## [RECORDS TO PROCESS]

• • • • •

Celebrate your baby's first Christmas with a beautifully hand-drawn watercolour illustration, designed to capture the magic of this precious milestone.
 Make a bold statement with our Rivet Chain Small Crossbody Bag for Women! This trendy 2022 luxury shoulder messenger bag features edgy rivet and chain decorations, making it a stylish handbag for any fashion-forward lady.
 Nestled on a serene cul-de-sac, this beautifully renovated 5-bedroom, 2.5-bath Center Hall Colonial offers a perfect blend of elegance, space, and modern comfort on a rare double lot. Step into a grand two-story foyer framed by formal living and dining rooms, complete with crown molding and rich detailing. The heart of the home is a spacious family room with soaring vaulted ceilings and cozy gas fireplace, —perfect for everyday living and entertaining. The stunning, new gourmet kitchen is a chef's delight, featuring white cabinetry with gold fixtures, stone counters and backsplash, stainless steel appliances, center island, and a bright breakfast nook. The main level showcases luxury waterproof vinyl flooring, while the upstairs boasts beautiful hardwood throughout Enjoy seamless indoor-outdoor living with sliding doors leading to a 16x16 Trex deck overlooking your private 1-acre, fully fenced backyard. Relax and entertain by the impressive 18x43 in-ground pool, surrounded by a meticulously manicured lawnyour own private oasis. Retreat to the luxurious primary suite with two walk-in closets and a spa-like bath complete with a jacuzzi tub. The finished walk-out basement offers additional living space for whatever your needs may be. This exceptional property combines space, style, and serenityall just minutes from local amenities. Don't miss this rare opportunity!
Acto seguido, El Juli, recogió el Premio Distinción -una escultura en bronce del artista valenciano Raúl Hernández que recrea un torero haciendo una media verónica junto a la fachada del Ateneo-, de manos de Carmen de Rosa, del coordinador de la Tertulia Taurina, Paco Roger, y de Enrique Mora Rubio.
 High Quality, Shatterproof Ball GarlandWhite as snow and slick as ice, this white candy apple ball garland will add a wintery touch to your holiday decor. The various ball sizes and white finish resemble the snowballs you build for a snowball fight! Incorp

• • • • •

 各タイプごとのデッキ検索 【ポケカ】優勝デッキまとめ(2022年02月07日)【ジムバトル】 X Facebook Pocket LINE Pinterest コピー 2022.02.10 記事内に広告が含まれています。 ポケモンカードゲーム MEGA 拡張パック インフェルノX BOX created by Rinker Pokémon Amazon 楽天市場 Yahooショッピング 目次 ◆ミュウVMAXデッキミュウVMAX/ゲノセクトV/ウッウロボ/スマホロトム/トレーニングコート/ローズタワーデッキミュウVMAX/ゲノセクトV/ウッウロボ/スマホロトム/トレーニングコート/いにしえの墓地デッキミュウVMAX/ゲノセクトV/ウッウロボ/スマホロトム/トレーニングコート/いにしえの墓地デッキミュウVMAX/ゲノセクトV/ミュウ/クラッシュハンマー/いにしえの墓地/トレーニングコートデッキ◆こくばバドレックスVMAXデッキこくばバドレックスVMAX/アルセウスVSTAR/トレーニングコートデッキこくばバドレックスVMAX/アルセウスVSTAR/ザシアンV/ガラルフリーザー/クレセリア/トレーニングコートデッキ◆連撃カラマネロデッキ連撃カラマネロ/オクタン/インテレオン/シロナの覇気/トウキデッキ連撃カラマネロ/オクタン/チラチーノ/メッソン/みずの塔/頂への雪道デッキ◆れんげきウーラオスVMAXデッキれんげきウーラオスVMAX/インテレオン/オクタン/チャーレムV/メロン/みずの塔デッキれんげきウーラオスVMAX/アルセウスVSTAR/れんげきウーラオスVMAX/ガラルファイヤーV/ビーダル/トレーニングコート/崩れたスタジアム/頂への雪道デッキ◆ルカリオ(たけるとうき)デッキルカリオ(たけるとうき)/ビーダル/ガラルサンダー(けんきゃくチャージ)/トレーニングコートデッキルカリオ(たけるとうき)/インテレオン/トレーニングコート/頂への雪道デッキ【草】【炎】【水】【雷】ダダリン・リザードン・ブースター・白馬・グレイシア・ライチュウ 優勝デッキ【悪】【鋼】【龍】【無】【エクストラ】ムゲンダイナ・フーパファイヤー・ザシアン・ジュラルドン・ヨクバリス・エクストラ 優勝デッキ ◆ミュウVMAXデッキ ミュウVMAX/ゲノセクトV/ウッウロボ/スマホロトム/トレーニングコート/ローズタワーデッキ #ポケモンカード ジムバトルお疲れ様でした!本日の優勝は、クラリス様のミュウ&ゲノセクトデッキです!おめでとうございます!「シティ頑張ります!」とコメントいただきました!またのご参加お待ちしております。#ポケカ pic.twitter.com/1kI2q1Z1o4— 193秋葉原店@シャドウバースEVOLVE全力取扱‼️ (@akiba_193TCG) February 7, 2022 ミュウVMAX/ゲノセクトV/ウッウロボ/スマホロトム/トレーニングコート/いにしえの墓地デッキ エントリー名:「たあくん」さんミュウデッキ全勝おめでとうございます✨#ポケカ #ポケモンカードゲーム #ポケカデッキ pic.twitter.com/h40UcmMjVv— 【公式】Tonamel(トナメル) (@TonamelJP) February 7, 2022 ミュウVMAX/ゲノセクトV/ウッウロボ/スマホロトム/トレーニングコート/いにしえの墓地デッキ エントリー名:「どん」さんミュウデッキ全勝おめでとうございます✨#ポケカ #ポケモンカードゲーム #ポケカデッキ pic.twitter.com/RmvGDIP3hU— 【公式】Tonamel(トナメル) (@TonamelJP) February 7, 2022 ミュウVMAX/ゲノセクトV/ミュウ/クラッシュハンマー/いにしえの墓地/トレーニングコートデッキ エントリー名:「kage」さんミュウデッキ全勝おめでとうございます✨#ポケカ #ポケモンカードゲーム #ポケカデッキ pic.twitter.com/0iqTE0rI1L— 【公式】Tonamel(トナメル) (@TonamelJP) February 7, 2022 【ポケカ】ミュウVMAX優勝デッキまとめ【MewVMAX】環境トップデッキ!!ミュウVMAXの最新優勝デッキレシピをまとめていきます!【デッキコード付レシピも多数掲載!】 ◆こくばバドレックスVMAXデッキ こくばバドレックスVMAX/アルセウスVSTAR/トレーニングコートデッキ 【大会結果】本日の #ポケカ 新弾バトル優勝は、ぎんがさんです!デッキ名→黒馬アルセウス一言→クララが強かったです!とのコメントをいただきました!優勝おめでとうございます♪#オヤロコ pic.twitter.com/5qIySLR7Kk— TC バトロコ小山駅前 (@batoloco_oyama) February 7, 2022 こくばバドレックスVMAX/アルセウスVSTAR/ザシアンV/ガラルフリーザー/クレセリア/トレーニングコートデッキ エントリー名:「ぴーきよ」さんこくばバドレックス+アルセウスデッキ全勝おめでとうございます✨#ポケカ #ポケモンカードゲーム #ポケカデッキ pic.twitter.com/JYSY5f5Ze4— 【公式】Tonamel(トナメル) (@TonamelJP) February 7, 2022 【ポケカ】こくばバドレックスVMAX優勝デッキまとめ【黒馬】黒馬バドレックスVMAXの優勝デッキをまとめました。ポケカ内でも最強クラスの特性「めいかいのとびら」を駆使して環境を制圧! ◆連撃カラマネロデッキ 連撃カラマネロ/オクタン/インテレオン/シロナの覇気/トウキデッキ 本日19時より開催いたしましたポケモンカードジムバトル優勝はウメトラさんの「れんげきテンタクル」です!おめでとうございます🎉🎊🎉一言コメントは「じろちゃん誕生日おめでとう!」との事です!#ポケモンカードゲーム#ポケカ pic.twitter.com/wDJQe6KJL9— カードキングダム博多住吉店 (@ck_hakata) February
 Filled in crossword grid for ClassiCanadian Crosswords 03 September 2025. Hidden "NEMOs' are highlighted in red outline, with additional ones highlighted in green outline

• • • • •

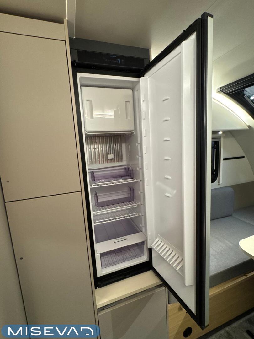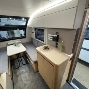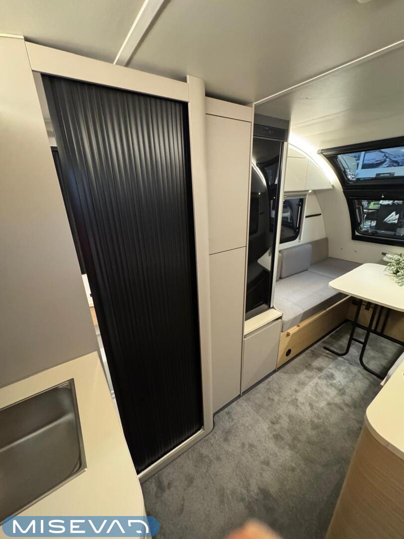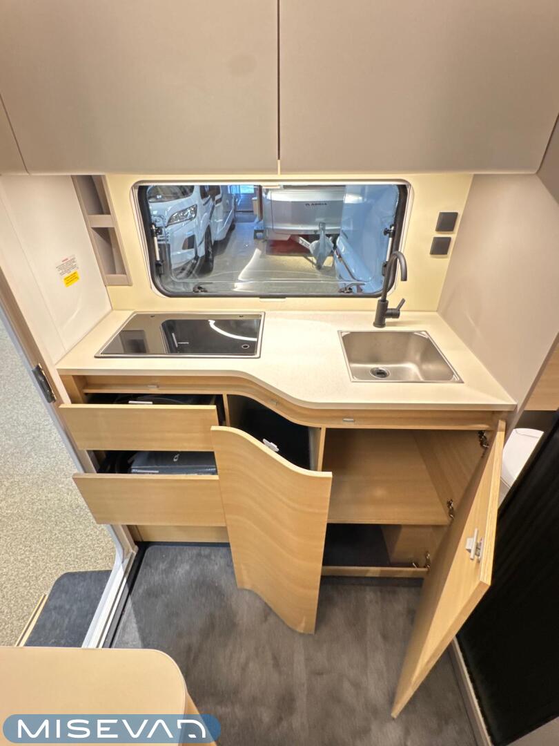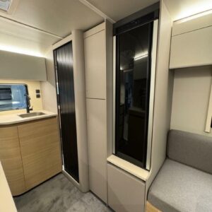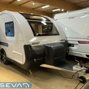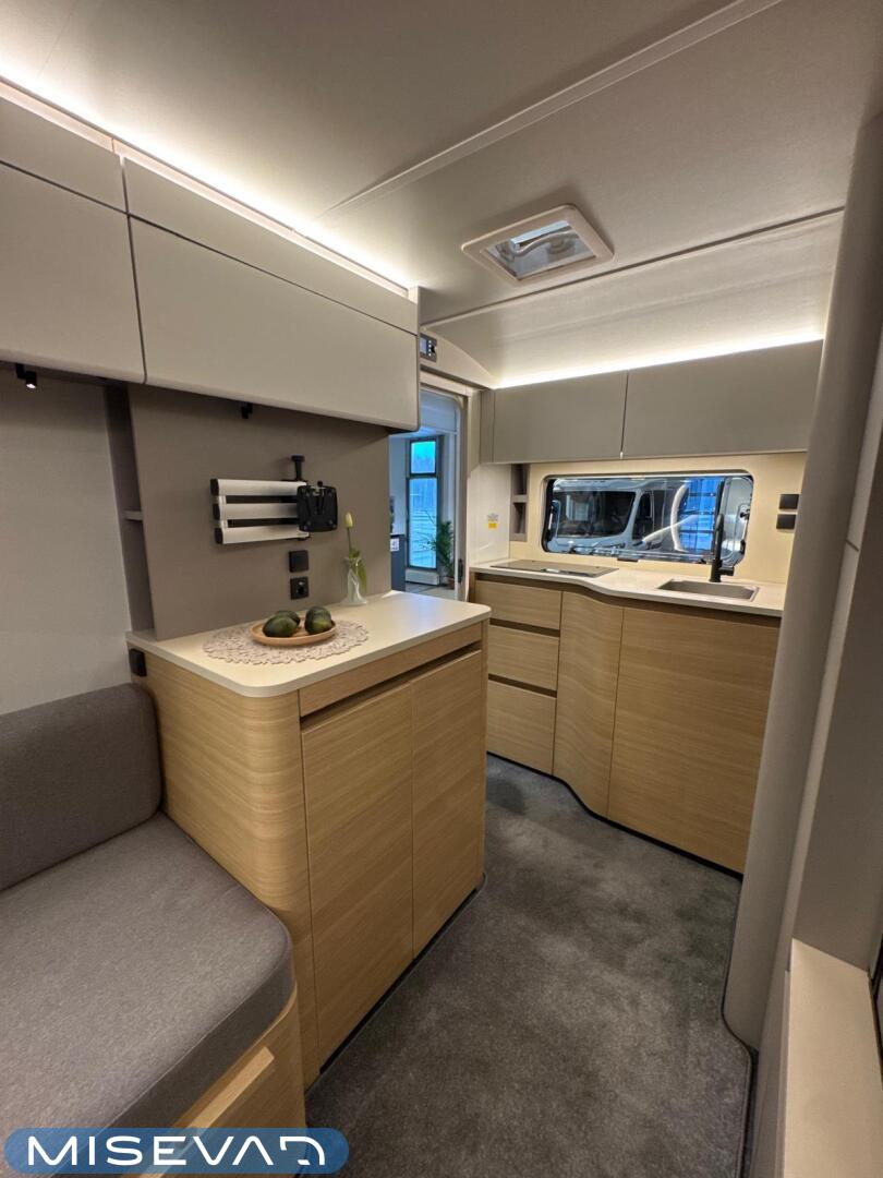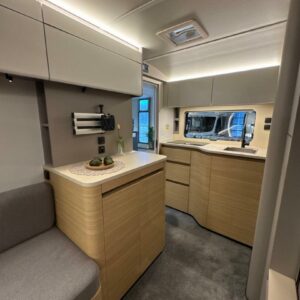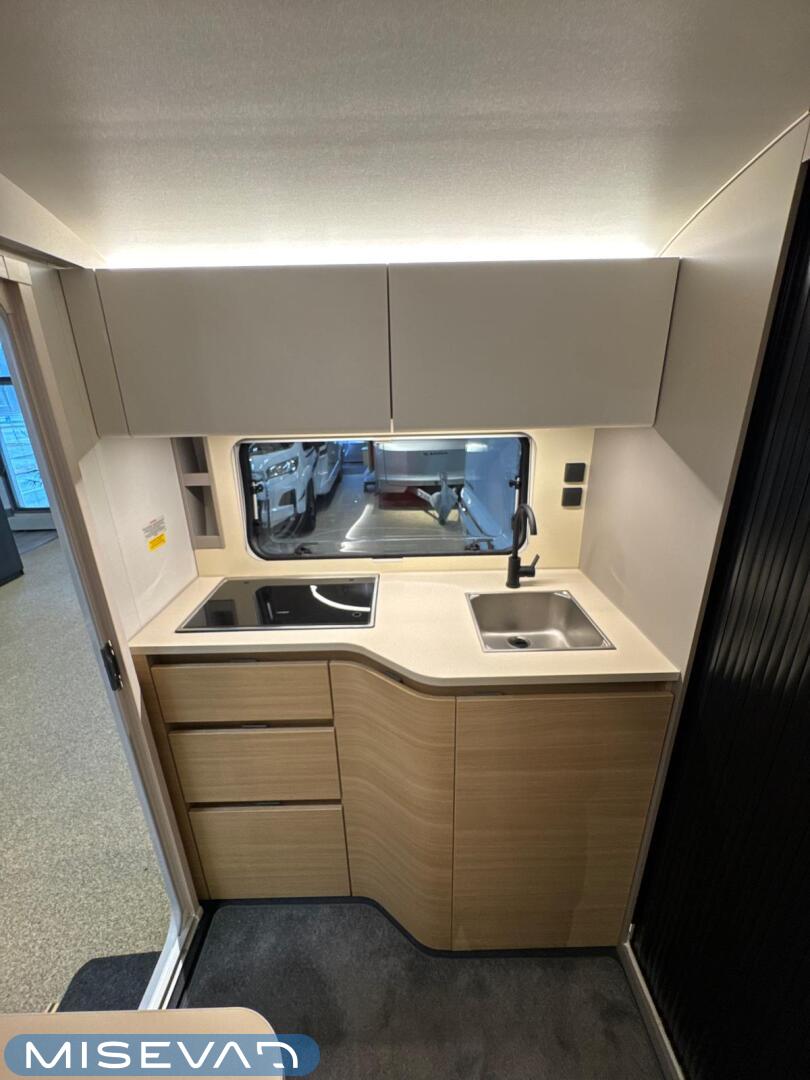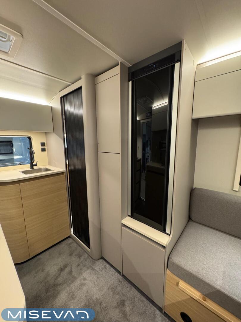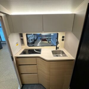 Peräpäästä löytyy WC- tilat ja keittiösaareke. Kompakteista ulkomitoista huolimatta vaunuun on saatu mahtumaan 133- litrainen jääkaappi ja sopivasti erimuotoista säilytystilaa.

• • • • •

Could you transcribe the entries above word for word, from the line with "Celebrate your baby's" down to the line with "Make a bold", keeping both?

Celebrate your baby's first Christmas with a beautifully hand-drawn watercolour illustration, designed to capture the magic of this precious milestone.
 Make a bold statement with our Rivet Chain Small Crossbody Bag for Women! This trendy 2022 luxury shoulder messenger bag features edgy rivet and chain decorations, making it a stylish handbag for any fashion-forward lady.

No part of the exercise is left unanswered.